MATERIAL FOR THIS TASK Block Start
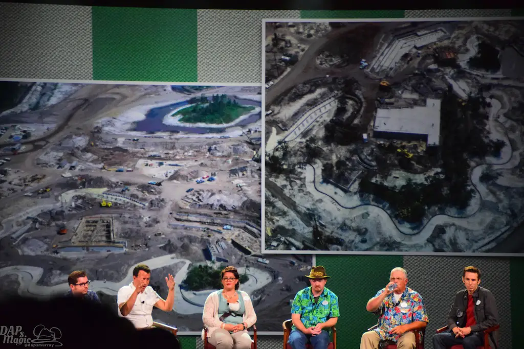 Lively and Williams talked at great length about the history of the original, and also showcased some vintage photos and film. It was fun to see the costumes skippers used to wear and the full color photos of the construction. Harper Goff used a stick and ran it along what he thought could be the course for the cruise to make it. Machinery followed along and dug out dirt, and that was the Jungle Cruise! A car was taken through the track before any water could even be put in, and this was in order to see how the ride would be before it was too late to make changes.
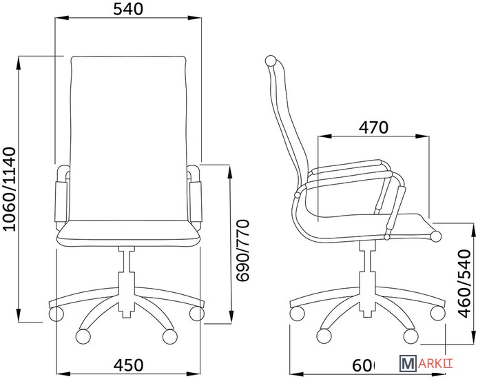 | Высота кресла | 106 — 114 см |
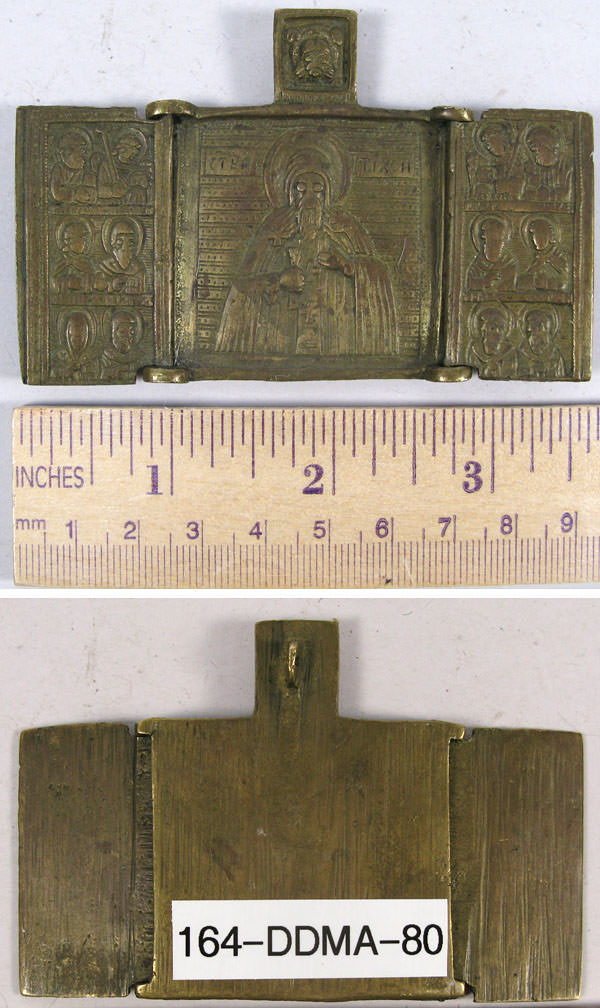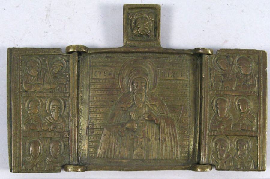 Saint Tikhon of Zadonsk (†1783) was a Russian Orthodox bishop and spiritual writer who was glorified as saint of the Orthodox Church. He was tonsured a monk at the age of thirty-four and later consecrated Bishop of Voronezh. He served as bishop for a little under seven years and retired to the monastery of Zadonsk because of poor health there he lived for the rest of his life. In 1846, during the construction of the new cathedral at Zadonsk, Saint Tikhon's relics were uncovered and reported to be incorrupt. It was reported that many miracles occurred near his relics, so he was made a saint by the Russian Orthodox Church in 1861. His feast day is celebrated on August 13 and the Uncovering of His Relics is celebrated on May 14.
MATERIAL FOR THIS TASK Block End
MATERIAL FOR THIS TASK Block Start
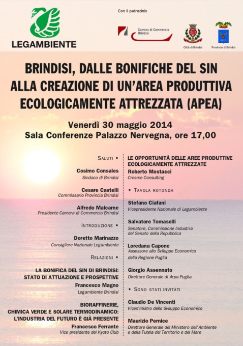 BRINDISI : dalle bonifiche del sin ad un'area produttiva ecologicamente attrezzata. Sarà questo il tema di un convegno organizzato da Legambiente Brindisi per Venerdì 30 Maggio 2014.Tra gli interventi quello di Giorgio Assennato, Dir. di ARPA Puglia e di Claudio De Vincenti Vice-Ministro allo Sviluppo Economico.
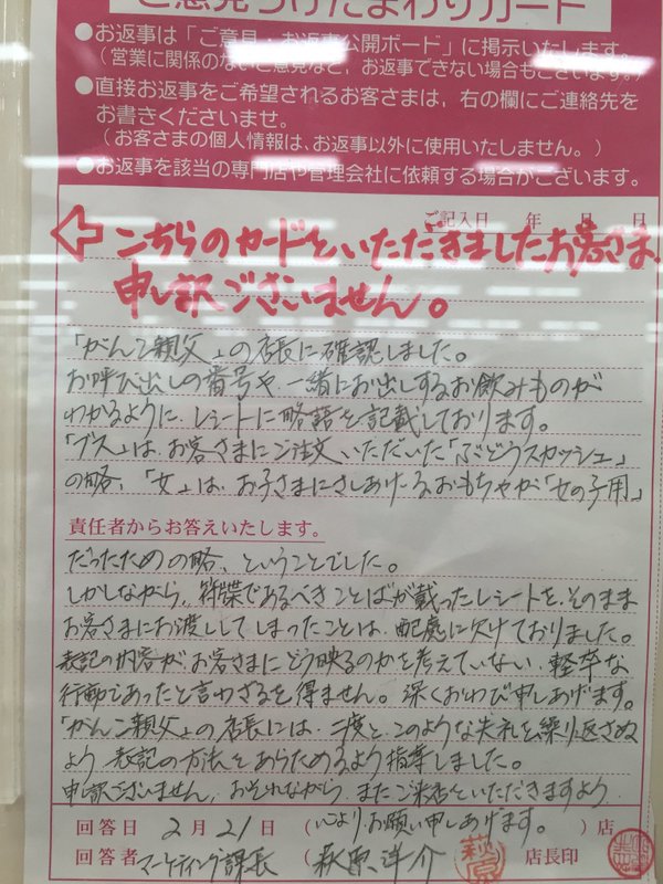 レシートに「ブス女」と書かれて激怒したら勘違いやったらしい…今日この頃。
MATERIAL FOR THIS TASK Block End
MATERIAL FOR THIS TASK Block Start
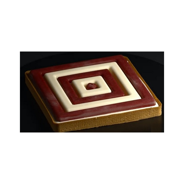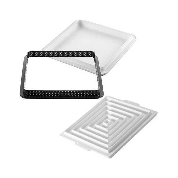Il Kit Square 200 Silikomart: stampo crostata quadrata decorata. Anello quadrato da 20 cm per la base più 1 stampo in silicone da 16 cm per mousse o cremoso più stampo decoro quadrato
MATERIAL FOR THIS TASK Block End
**ASSIGNMENT**
Using the records above, return verbatim only the part that opens with the line containing "Lively and Williams" and closes with the line containing "106 — 114 см |"; pictures stay out.

**SOLVED EXERCISE**
 Lively and Williams talked at great length about the history of the original, and also showcased some vintage photos and film. It was fun to see the costumes skippers used to wear and the full color photos of the construction. Harper Goff used a stick and ran it along what he thought could be the course for the cruise to make it. Machinery followed along and dug out dirt, and that was the Jungle Cruise! A car was taken through the track before any water could even be put in, and this was in order to see how the ride would be before it was too late to make changes.
 | Высота кресла | 106 — 114 см |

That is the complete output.